Misra's story matters because it reframes what a "mafia win" looks like. Success is not only about founding a billion-dollar company. It is also about turning hard-earned experience into a durable, high-impact career. For engineers and operators, his arc is a lesson in how visible, provable work becomes long-term leverage.

Aachho: The Bootstrapped D2C Fashion Brand From Jaipur

Aachho Founders

Aachho Founders

Aachho is one of the most charming stories in the Snapdeal Mafia because it is not a tech-heavy venture at all. It is a direct-to-consumer (D2C) ethnic fashion brand for women, built largely without outside funding, from Jaipur.

Anurag Singh Khangarot spent years at Snapdeal in business development and alliances roles, including as a senior manager handling national alliances and corporate sales in the West region. Worried about his future around the failed Flipkart merger talks, he quit and started Aachho in 2018 with his wife, Rimjhim Hada.

The brand focuses on handcrafted, hand-block ethnic wear, tapping into Rajasthan's rich textile heritage.

  • Aachho grew from a tiny setup with a single sewing machine into a brand that closed FY22 with a turnover of around 40 crore rupees. Its revenue climbed from about 1 crore in FY19 to 3 crore, then 19 crore, then 40 crore, a steep bootstrapped ramp.
  • The brand built its audience through Instagram and Facebook, turning social content into a direct sales channel.
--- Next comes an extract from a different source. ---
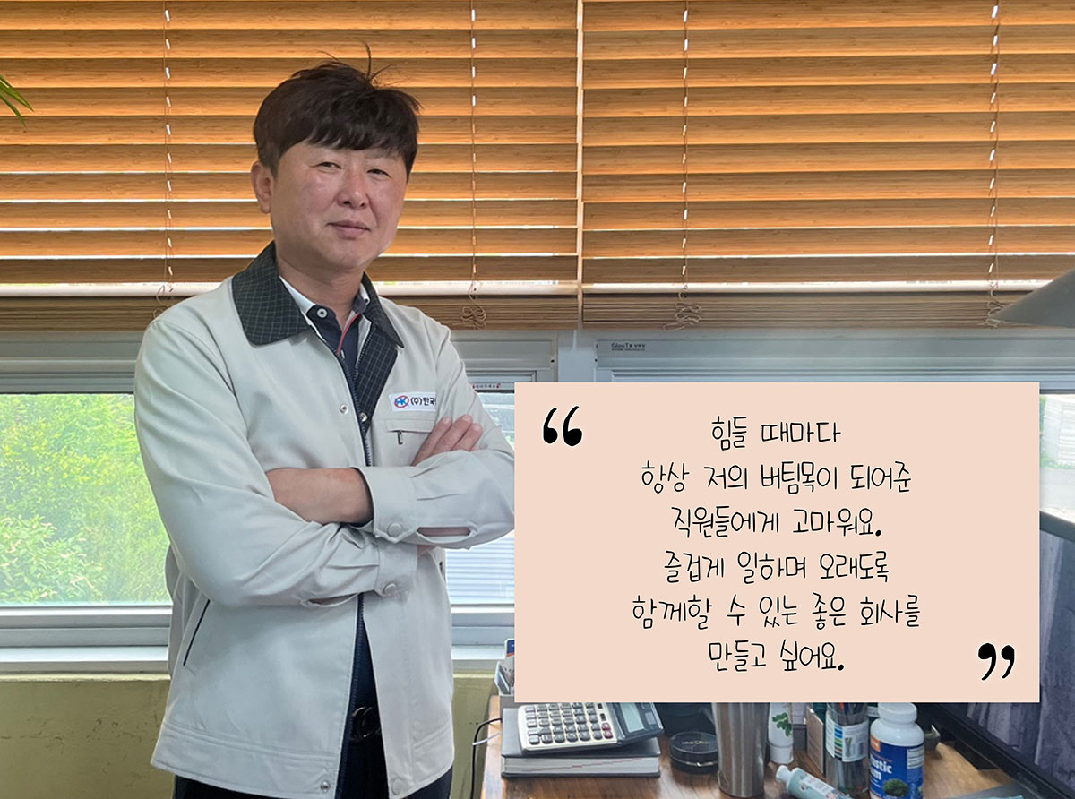 A: 그동안 회사를 성장시키기 위해 직원들과 함께 많이 노력해 왔어요. 힘든 일도 많아서 눈물도 많이 흘렸는데 그럴 때마다 직원들과 함께 서로 의지해 가면서 극복해 왔죠. 그렇기 때문에 저는 직원들을 가족같이 여기고 있어요. 지금은 사업이 어느 정도 자리를 잡아서 크게 바라는 건 없어요. 다만 힘들 때마다 항상 저의 버팀목이 되어준 우리 직원들이 행복하게 오래도록 함께할 수 있는 좋은 회사를 만들고 싶어요.

It has served several lakh customers and sells through both its own website and marketplaces like Nykaa, showing strong D2C distribution instincts.
  • Aachho's product range covers kurta sets, lehengas, shararas, ghagra-cholis, sarees, and matching accessories, priced to sit in an accessible premium band. This breadth lets it capture repeat purchases across occasions rather than one-off buys.
  • The company moved from online-only into physical retail, opening its first offline store in Delhi and planning more in metros. That omnichannel step reflects a mature understanding that ethnic wear buyers often want to feel the fabric before purchase.
  • Khangarot carried a very Snapdeal-shaped skill into Aachho: reaching value-conscious Indian shoppers and building alliances. His e-commerce and payments background, including time at Freecharge, gave the couple an edge in running a lean online-first brand.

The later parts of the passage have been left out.